Jika masih mengaku modern maka bersiap-siaplah untuk dikatakan ketinggalan zaman. Karena sekarang dunia berada pada puncak posmodernis. Sebentar lagi melompat ke neoposmodernis. Dan seterusnya entah apalagi kodefikasi kemajuan ummat manusia. Yang jelas, lompatan terjadi sangat cepat. Bisa jadi musim 3G (Three Generation) sebuah bentuk neoposmodernis itu.

Sudah berada dimanakah kita? Bisa jadi belum masuk dalam kategori manapun. Atau lazim terjadi, pada banyak sektor kehidupan kita, mencamplok setiap kodefikasi itu serba sedikit. Misalnya, belum matang pada pre modern, sudah masuk ke kehidupan modern, tetapi sangat terpaksa hidup di zaman posmodernis. Dampaknya adalah terperangah dengan segala atraksi zaman. Tak ayal, menjadi penonton di ranah global yang sudah dikuasai kapitalisme dari berbagai sudut kehidupan. Kita dikepungnya. Mulai dari tempat tidur sampai kamar mandi. Misalnya? Apa merk sabun mandi yang kita pakai?

Tulisan ini terekspresi dari laporan Zelfeni Wimra di Padang Ekspres, Minggu (9/12) ditulis atas seminar yang menghadirkan Yasraf Amir Piliang, di Universitas Negeri Padang (UNP).
Ada beberapa yang patut disadari, seperti di atas tadi, dimana ada dan selalu ada hipokrisi zaman baru.

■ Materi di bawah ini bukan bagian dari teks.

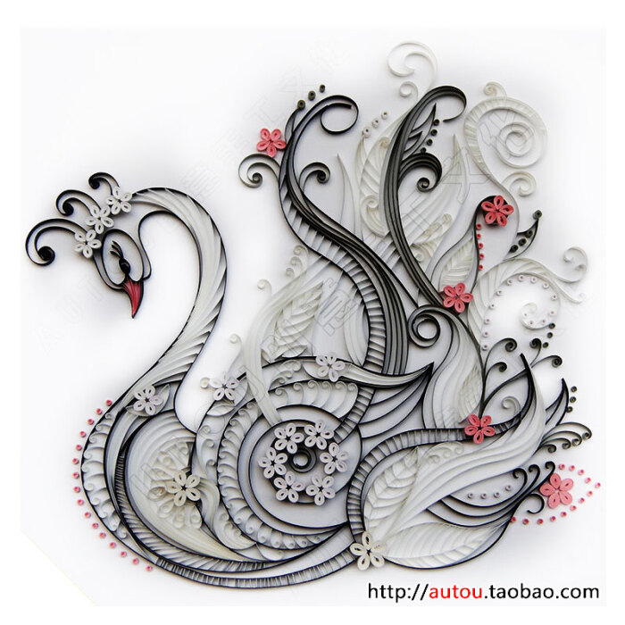 天鹅娜多姿 衍纸线稿图纸 衍纸画材料包 教学底稿图 衍纸底纸图稿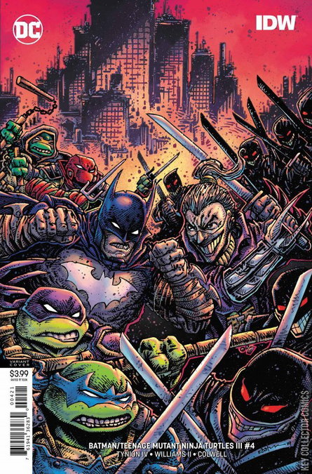 Crisis in a Half Shell, Part 4 Batman and the Turtles grapple with the laws of Krang’s combined universe, desperate to return their two worlds to their original states. But there are some who do not want things set right. In this reality, the Laughing Man runs the Smile Clan, the most dangerous criminal organization ever to strike New Gotham City—and that’s how he wants things to stay! He’ll kill anyone who gets in his way...even the Shredder!

Termasuk posmodernisme itu.

Benar apa yang dikatakan Amir, betapa ceroboh ketika padu padan fashion antara jilbab dengan baju ketat senteng ditambah celana jeans. Atau contoh lain, seorang anak muda gondrong dengan kopiah dan baju koko tapi pakai anting-anting sebelah kiri saja.

Ini amatlah sesuai dengan cerita, seekor monyet ingin belajar berjalan dengan gaya kura-kura. Ia belajar dengan seksama tetapi selalu gagal. Setelah sadar, tak mungkin ia bisa sempurna seperti kura-kura. Akhirnya, ingin kembali seperti gaya monyet semula. Sayang, gaya itupun ia tak lagi mampu.
Agaknya, perlu kritis lagi bertanya kepada hati nurani sendiri, ketika spritualitas ternyata dijemput lagi. Sesungguhnya, spritualitas itu adalah hikmah bangsa timur. Pertanyaan berikutnya, bagaimana menjemput jati diri kita yang paling murni itu? Bisakah sesuai dengan keotentikannya dengan masa lalu? Tidak, ia harus mengalami bias zaman yang harus menopanginya.

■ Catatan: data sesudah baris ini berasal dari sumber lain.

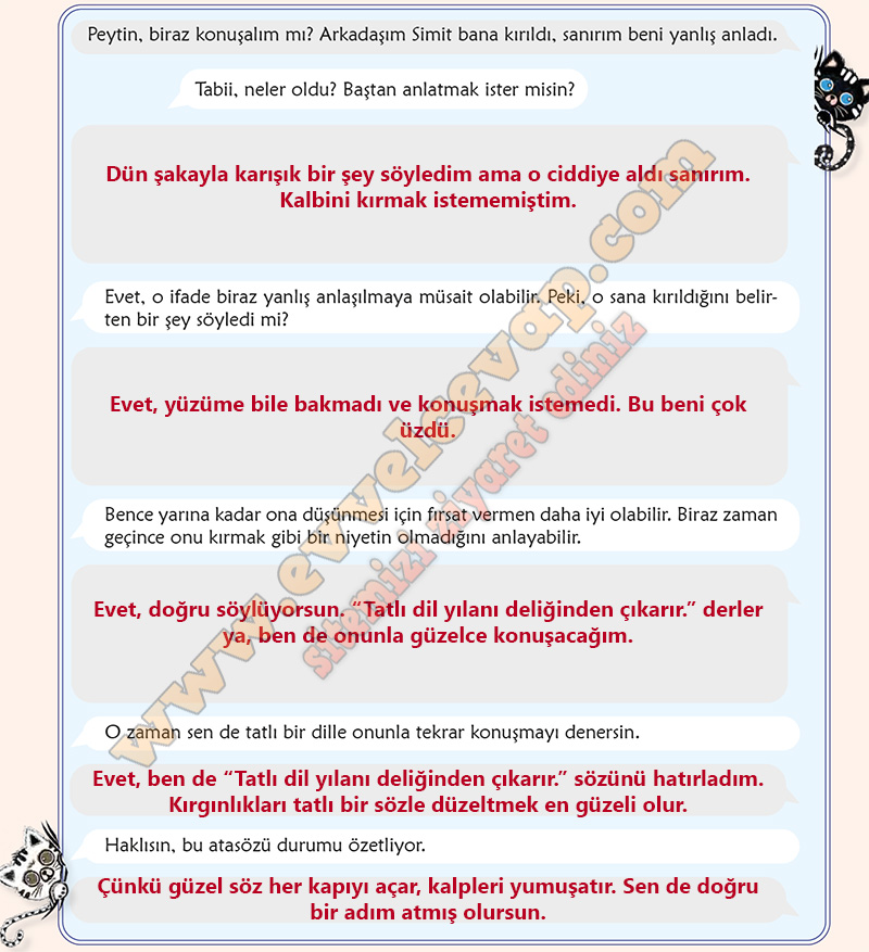 Soru: Zeynir ile Peytin arasında geçen aşağıdaki konuşmada boş bırakılan balonları uygun ifadeleri yazarak tamamlayınız. Bu sırada deneyimlerinizden ve ön bilgilerinizden hareketle açık ve anlaşılır ifadeler kullanmaya, örtük ifadelerinizi ise söz sanatları, mecazlar, deyimler, atasözleri vb. söz varlığı unsurları ile desteklemeye çalışınız.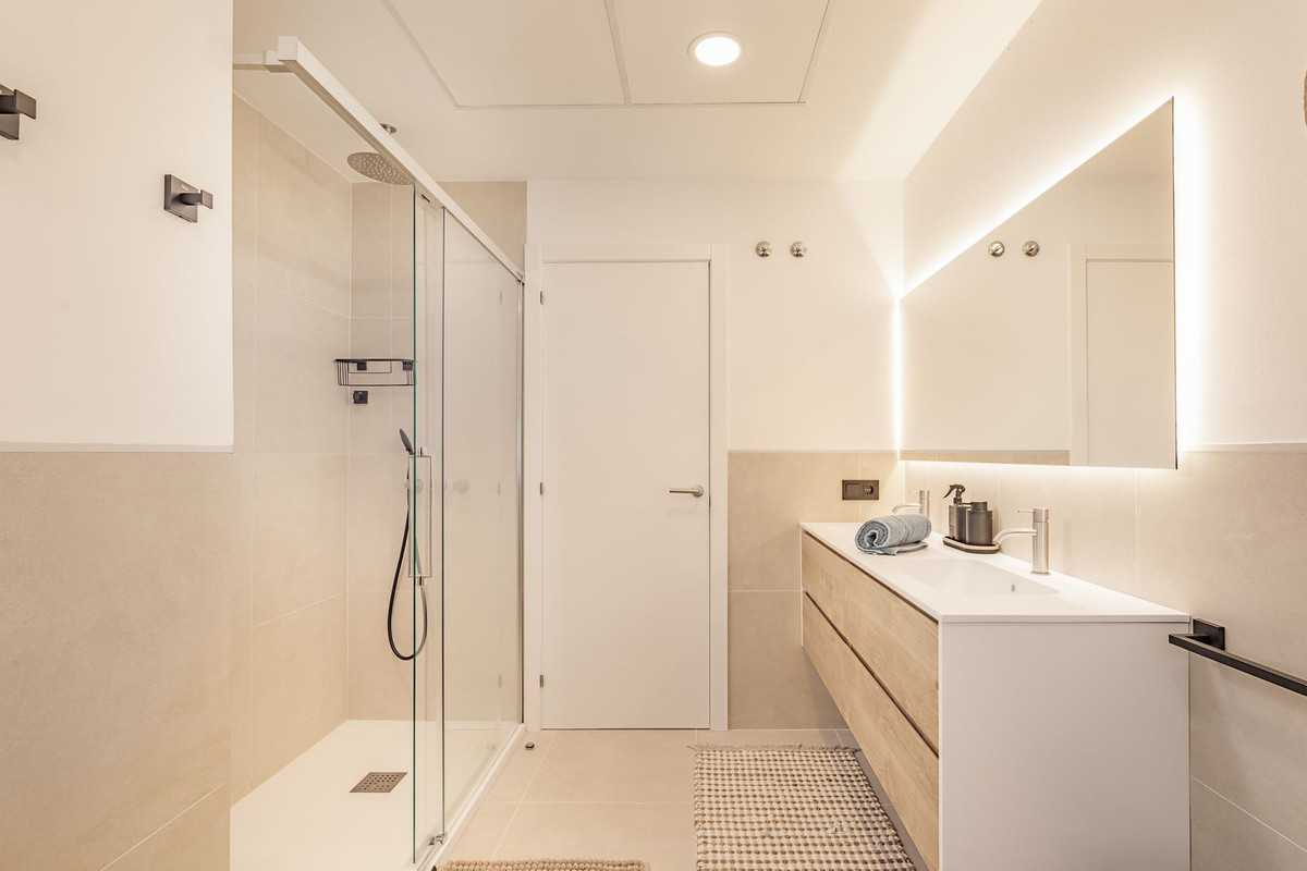 Setting: Close To Golf, Close To Shops, Close To Sea, Close To Town, Urbanisation Orientation: South Condition: Excellent, New Construction Pool: Communal Climate Control: Air Conditioning, Pre Installed A/C, Hot A/C, Cold A/C Views: Panoramic, Garden Features: Lift, Fitted Wardrobes, Private Terrace, Solarium, WiFi, Storage Room, Utility Room, Ensuite Bathroom, Access for people with reduced mobility, Double Glazing, Fiber Optic Furniture: Part Furnished Kitchen: Fully Fitted Garden: Communal, Landscaped, Easy Maintenance Security: Gated Complex, Electric Blinds, Entry Phone, Alarm System Parking: Underground, Garage, Street, Private, EV charge point Utilities: Electricity, Drinkable Water, Photovoltaic solar panels, Solar water heating Category: Golf, Holiday Homes, Investment, Luxury, Reduced, Resale, Contemporary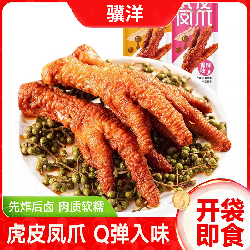 骥洋虎皮凤爪500g独立包装即食熟食卤味鸡爪爪子小吃零食散装卤香

Agaknya, sekali lagi, hipokrasi tetap akan terjadi dalam posmodernis ini. Dimana sisa modernisme masih menyelip di antara cara pikir hidup sehari-hari. Atau yang paling naif terjadi, mengaku berpikir posmodernis tetapi nyatanya adalah masih modern. Bahkan jauh sebelum itu, tradisional dan ortodok.
Satu hal yang positip, spiritualitas sudah dijemput setelah tuhan dinyatakan mati. Bagaimana? Ya, mengulang kaji dan buka kembali setiap buku-buku dan kitab suci yang dimiliki. Di situlah ada spritualitas. Jika masih menggunakan yang sudah ada, maka spritualitas akan teras garing, formalitas, juga simbol-simbol. Artinya, kita masih berada di zaman modern yang sudah ketinggalan.

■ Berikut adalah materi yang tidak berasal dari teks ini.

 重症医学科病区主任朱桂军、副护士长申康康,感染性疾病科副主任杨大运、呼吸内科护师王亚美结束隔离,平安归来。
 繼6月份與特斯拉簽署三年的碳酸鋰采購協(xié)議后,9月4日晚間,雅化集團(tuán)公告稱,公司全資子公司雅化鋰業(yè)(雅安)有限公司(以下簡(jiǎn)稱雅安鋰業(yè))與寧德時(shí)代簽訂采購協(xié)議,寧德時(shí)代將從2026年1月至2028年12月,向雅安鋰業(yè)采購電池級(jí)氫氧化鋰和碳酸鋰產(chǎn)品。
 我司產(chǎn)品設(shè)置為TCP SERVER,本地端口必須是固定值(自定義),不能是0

Kalau sudah begitu, apakah kita akan bernasib sama dengan kera tadi? Entahlah, semoga ini tak terjadi. Perlu diingat, jika dinamika rasionalitas berkembang pesat dengan bukti laju teknologi dari ilmu pasti yang sudah menjadi produk kapitalis, sejauh manakah laju spiritualitas kita memahami nilai-nilai transeden? Statis atau dinamis? Saya masih banyak percaya pada hal yang pertama. Statis. Buktinya, wilayah spritualitas dianggap tak boleh lagi diotak-atik. Filsafat agama dianggap berbahaya.

Asah otak untuk mendekatkan spritualitas kepada Yang Maha Esa cenderung ditutupi secara tidak langsung. Ia dianjurkan dengan metode ibadah sebanyak-banyaknya tanpa tahu makna sakral dan jalan menuju tuhan. Imbasnya, ibadah menjadi simbol. Padahal, spritualitas harusnya tidak saja didekati dengan hati, tetapi juga dengan akal.

Bukan artian ibadah tidak penting, tetapi wilayah ini tak lagi harus pakai cambuk untuk mengerjakannya. Ia harusnya sudah menjadi gaya hidup yang matang.

Pada zaman pertengahan, memang filsafat ”dikanvas” oleh Al-Ghazali, karena dianggap menyesatkan dan cenderung membuat manusia melompat ke wilayah terlarang, bicara dzat tuhan. Di sinilah lahirnya fundamentalis yang bertahan pada wilayah sakral agama tak boleh digerogoti oleh filsafat. Tetapi beberapa dekade setelah itu, filsafat berkembang baik menjadi “hikmah dari timur.” Ia dicari oleh bangsa Barat. Karena Barat sudah mendapatkan rasionalitas yang berkembang menjadi ilmu pasti. Kalaupun perlu jujur, rasionalitas Barat juga dibawa oleh Averoes (Ibn Rusd) dari timur.
”Averoes sukses di Barat, Al-Ghazali berhikmah di Timur.” Begitulah bahasa yang dapat disederhanakan.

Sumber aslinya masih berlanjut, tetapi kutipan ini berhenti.